#### What the task requires:
From the line with "Traje lindo capibara" to the line with "Der Griff verfügt", output every line below exactly, both ends included. Skip the pictures.

= = = =

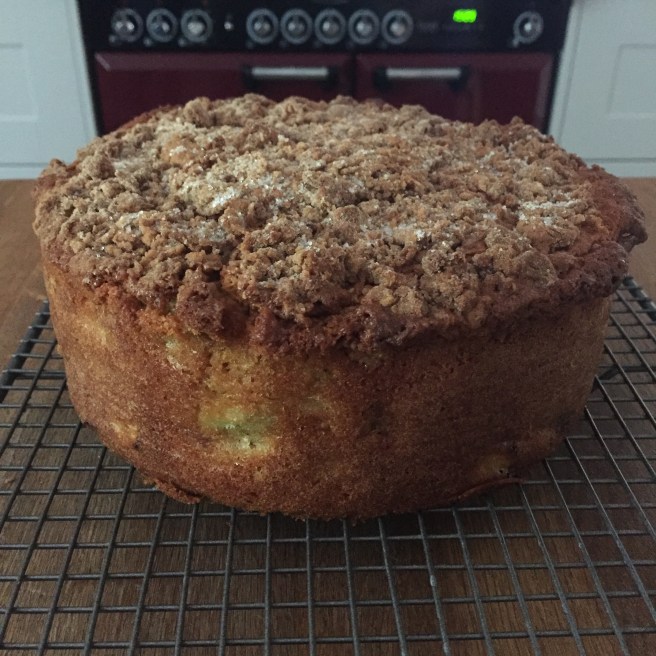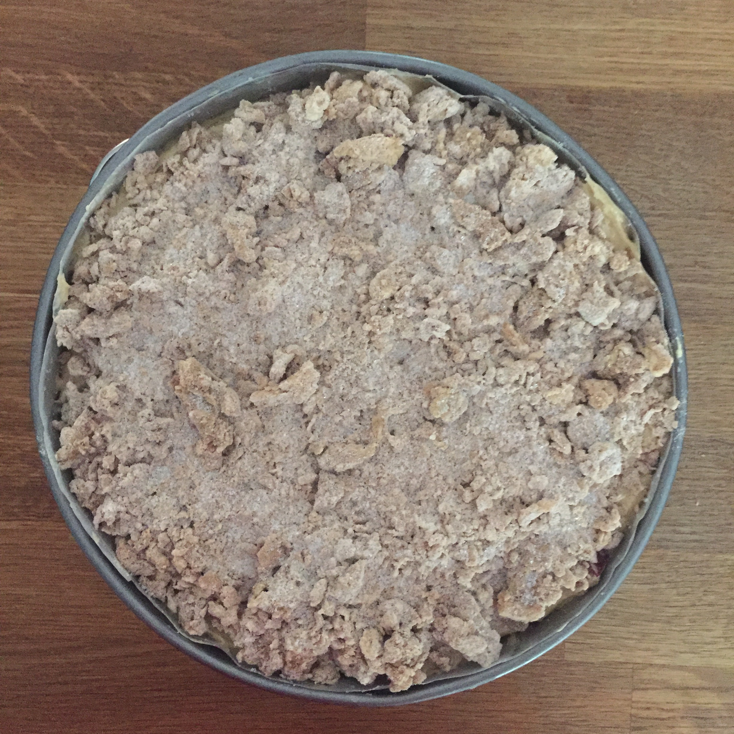Pour cake mix into a lined tin, approximately 20 cm wide. Distribute the crumble mix over the top and bake for an hour uncovered at 160°.
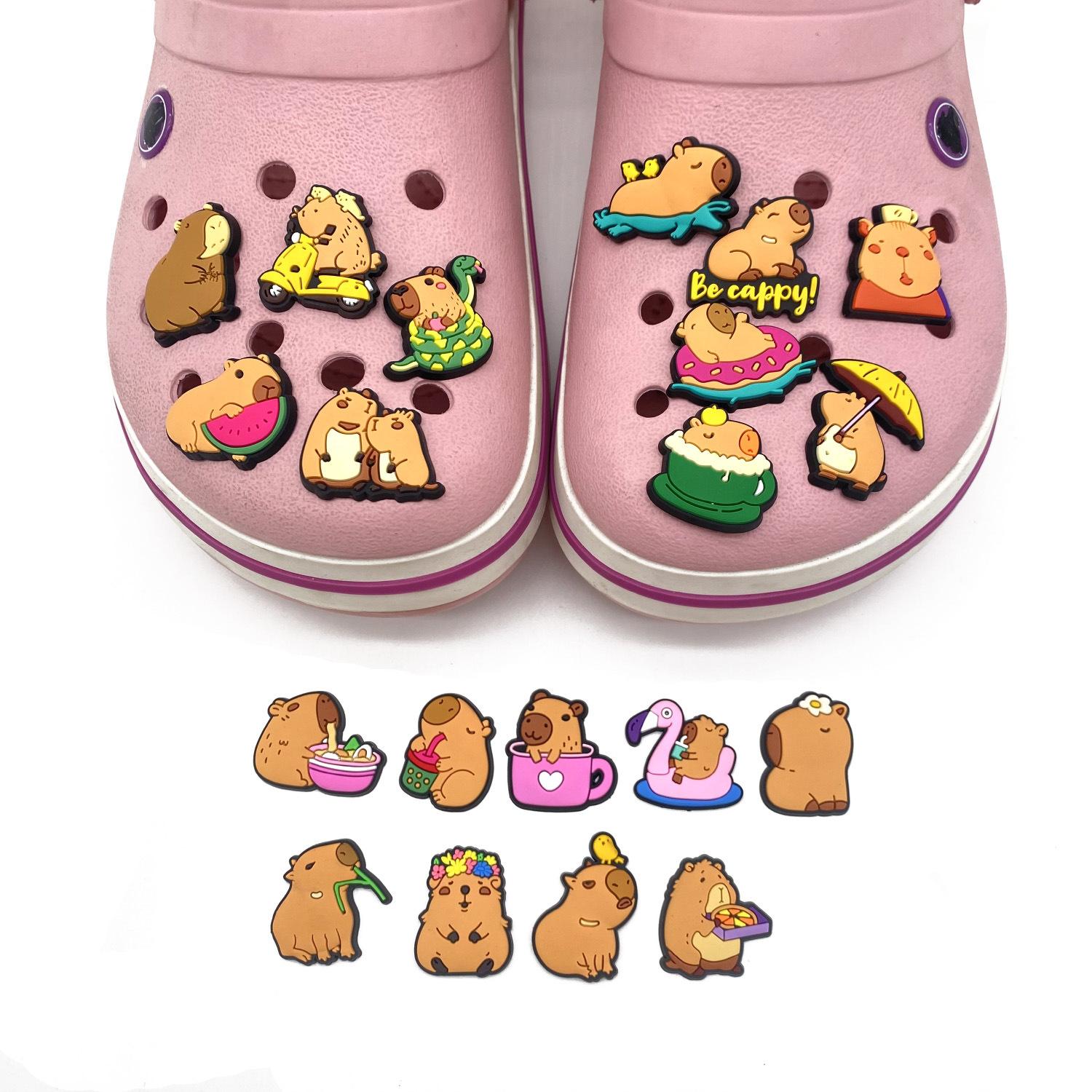 Traje lindo capibara capybara serie zapatos de agujeros zapatos accesorios de flores zapatos de agujeros accesorios diy gota de plástico pvc
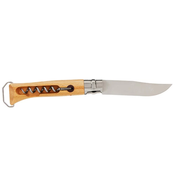 Der Griff verfügt über einen eingebauten Korkenzieher, der sich im 90-Grad-Winkel ausklappen lässt. Er bietet einen festen Griff dank des Buchenholzgriffs und ermöglicht das mühelose Entkorken von Flaschen. Zusätzlich befindet sich am Griffende ein Flaschenöffner.
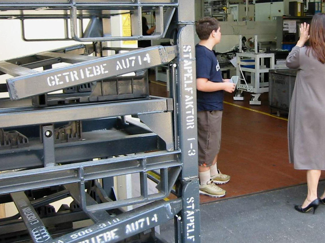 Chez Lamborghini à Sant'Agata, les palettes servant à livrer les pièces de moteur portent le sigle Audi (en bas à gauche).
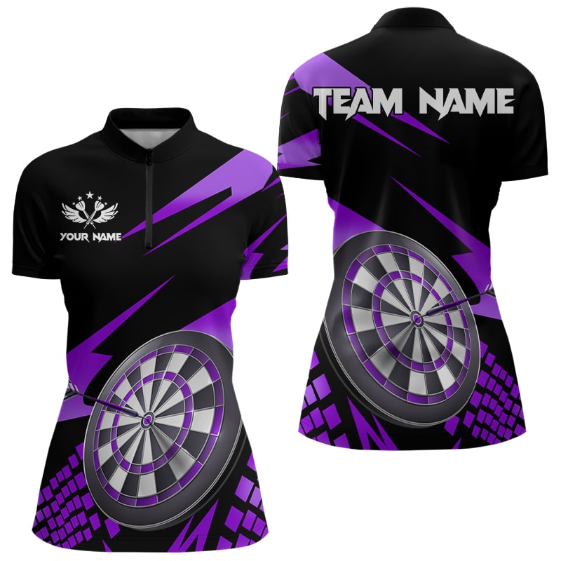 Purple Black Custom Dart Shirts For Women, Personalized 3D Darts Board Dart Jerseys Polo & 1/4 Zip TDM3141
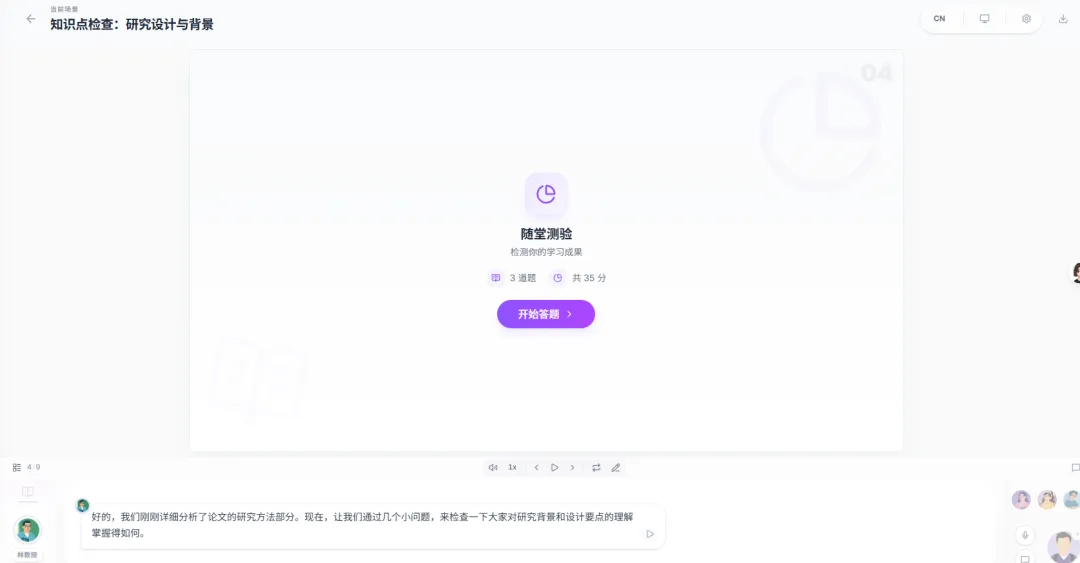 很多学生都有这样的困扰:知识点自己懂,但上台讲解就逻辑混乱、词不达意,要么过于口语化缺乏专业性,要么照搬课本晦涩难懂,难以让老师和同学听懂。OpenMAIC精准解决“讲解难”的痛点,依托其AI教师交互能力,成为你的“讲解搭子”,还原真实课堂讲解场景。
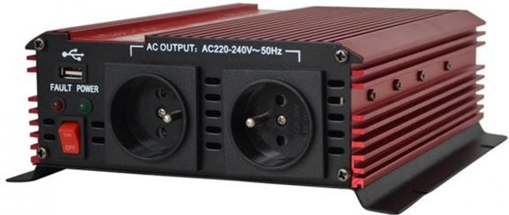 - Výstupní napětí: 230VAC (50Hz), modifikovaný sinus
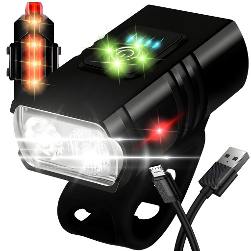 LAMPKA ROWEROWA LED NA ROWER KIEROWNICĘ AKUMULATOROWA MOCNA USB + TYŁ TYLNA
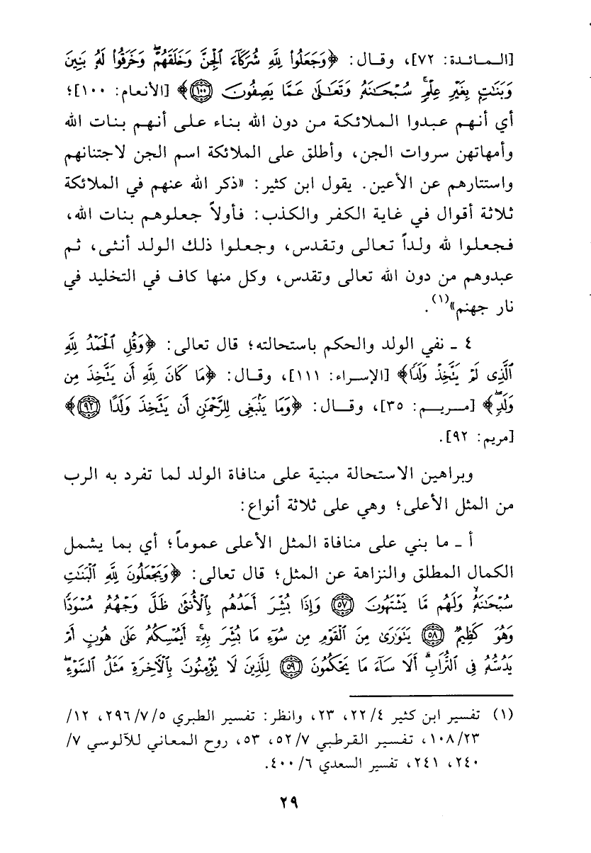 4 - نفي الولد والحكم باستحالته، قال تعالى: {وَقُلِ الْحَمْدُ لِلَّهِ الَّذِي لَمْ يَتَّخِذْ وَلَدًا} [الإسراء: 111]، وقال: {مَا كَانَ لِلَّهِ أَنْ يَتَّخِذَ مِنْ وَلَدٍ} [مريم: 35]، وقال: {وَمَا يَنْبَغِي لِلرَّحْمَنِ أَنْ يَتَّخِذَ وَلَدًا} [مريم: 92].
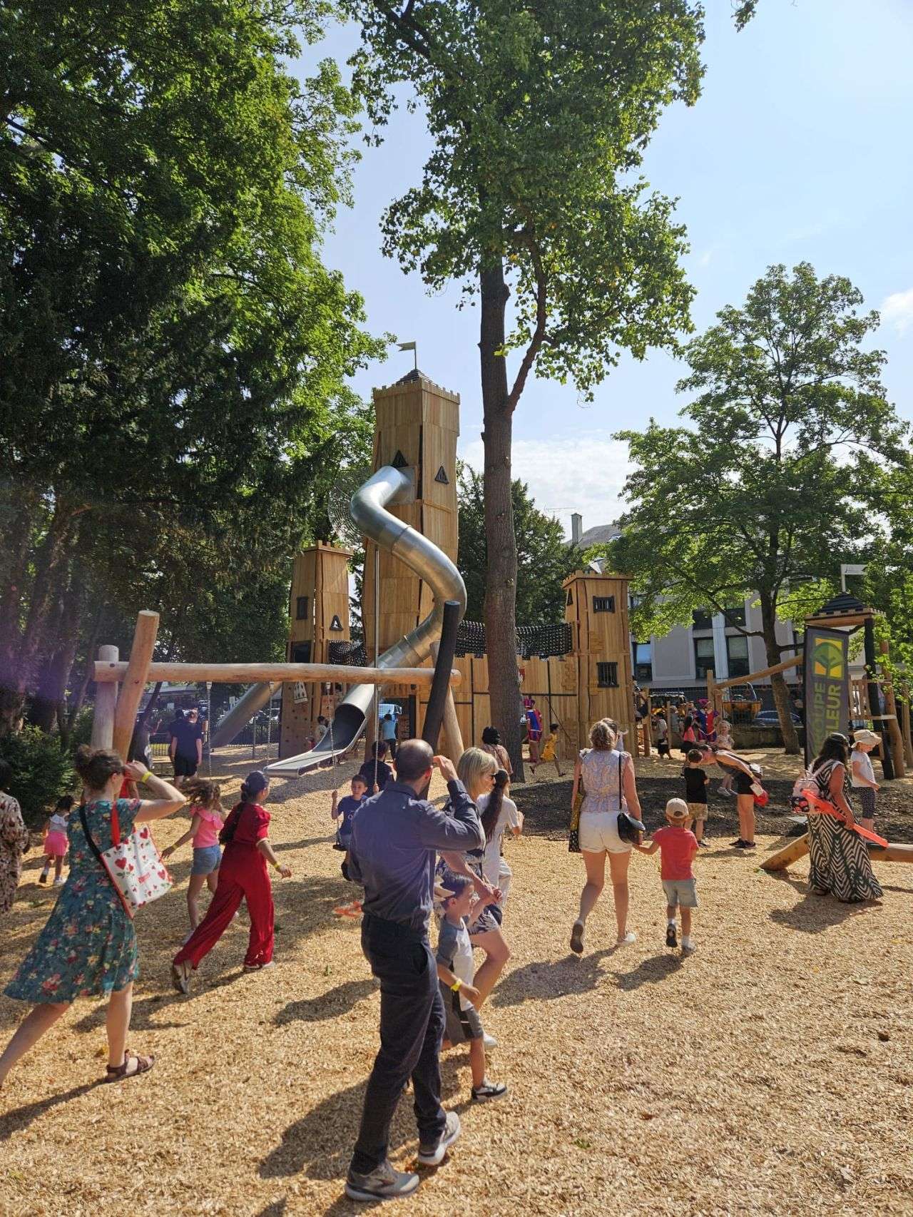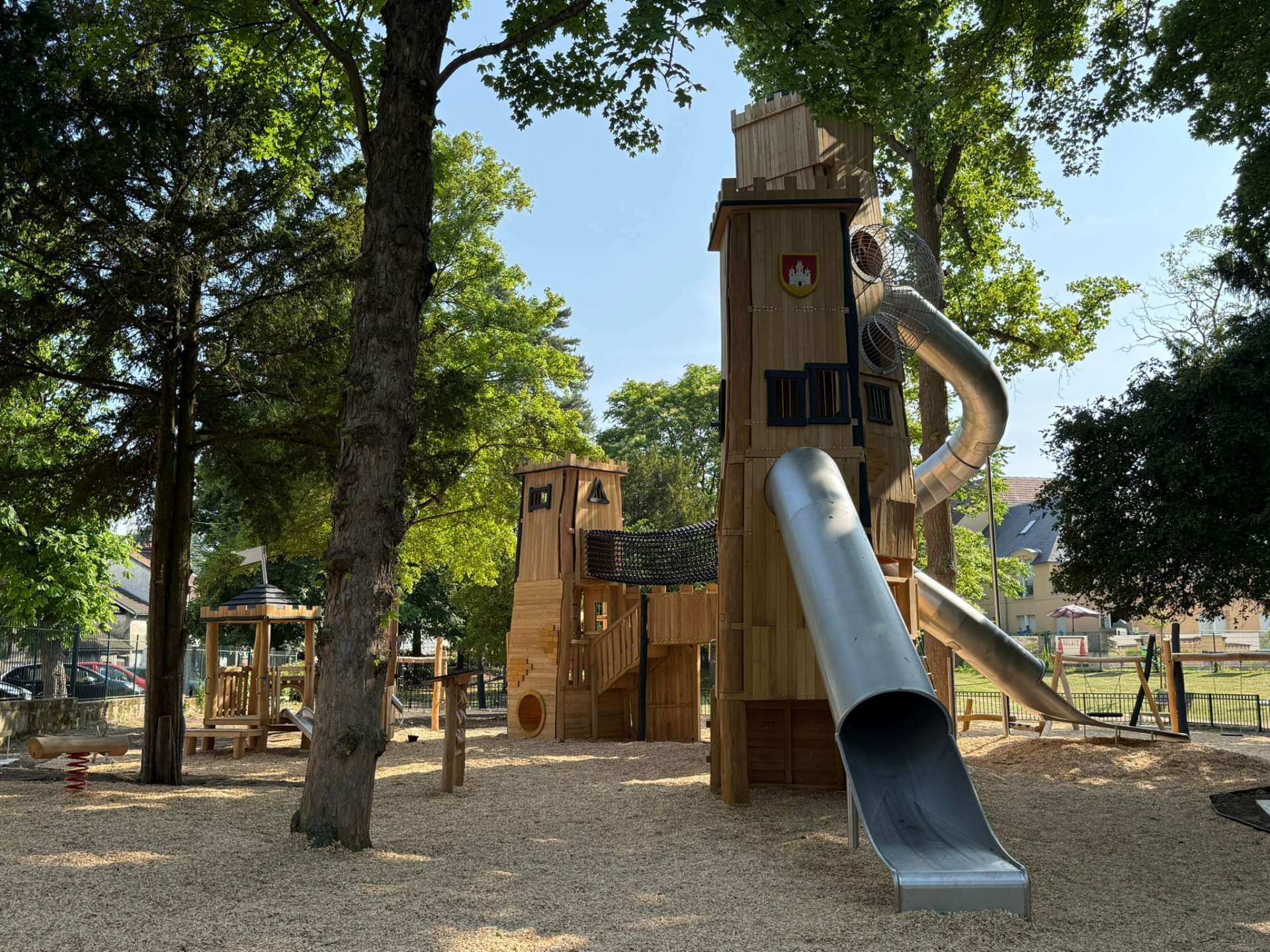 Nos aires de jeux château en bois peuvent être installées en milieu urbain, rural ou naturel, et personnalisées selon le style de votre espace.

= = = =

#### Output:
 Traje lindo capibara capybara serie zapatos de agujeros zapatos accesorios de flores zapatos de agujeros accesorios diy gota de plástico pvc
 Der Griff verfügt über einen eingebauten Korkenzieher, der sich im 90-Grad-Winkel ausklappen lässt. Er bietet einen festen Griff dank des Buchenholzgriffs und ermöglicht das mühelose Entkorken von Flaschen. Zusätzlich befindet sich am Griffende ein Flaschenöffner.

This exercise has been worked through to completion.